Balfour Beatty faces a claim from Orchard Plaza Management in respect of an office block conversion project, and alleged non-compliant cladding.
Orchard were issued an improvement notice by Bournemouth Council to remediate the cladding issues, and it is now seeking the costs of this from Balfour.
The conversion project was undertaken in 2007-2008 by Mansell Construction Services, now Balfour Beatty. Balfour issued the funder of the project a collateral warranty, which passed to Orchard when they acquired the development.
Part of Balfour’s defence to Orchard’s claim was that the remediation losses were not in the contemplation of the parties to the warranty at the time. Balfour contended that a loss facing a funder would be reduction in the value of its security, and not repair costs.
The remoteness defence was referred to the Technology & Construction Court (TCC) for a preliminary decision. The TCC struck out the defence on a number of points. Firstly, a repair loss could conceivably have been suffered by a lender (and particularly bearing in mind “step in” provisions). Secondly, the warranty was assignable, and therefore likely types of losses which could be suffered by an assignee of a warranty would be within the contemplation of the parties.
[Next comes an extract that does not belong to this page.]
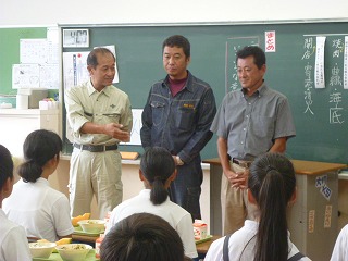 給食時間には、生産者の辻さん(辻組)、岩崎さん(協建設)、

Finally, the warranty contained a clause at its 12.3 which stated:
“The Contractor agrees with the Beneficiary not to contend or argue that any person to whom the benefit of this Deed is assigned shall be precluded or prevented from recovering under this Deed any loss or damage resulting from any breach of this Deed by the Contractor by reason of the fact that such person is an assignee only or otherwise is not the original beneficiary or because the loss or damage suffered has been suffered by such person only and not by the original beneficiary, or because such loss is different to that which would have been suffered by the original beneficiary.”
The TCC concluded that clause 12.3 prevented Balfour from asserting remoteness of Orchard’s loss.
The case is therefore to go forward to trial.
James Burgoyne of Brunel Professions commented: “The court’s decisions in this case followed the working interpretations of those dealing with construction professionals’ appointments and collateral warranties on a day-to-day basis, and in this sense, they were not a surprise. However, the case is useful in affirming these interpretations and especially in the context of cladding claims. The underlying facts of this particular case are not unusual, and the decision is useful in understanding how these cases will be approached by the courts.”
A report about the case has been published by FieldFisher.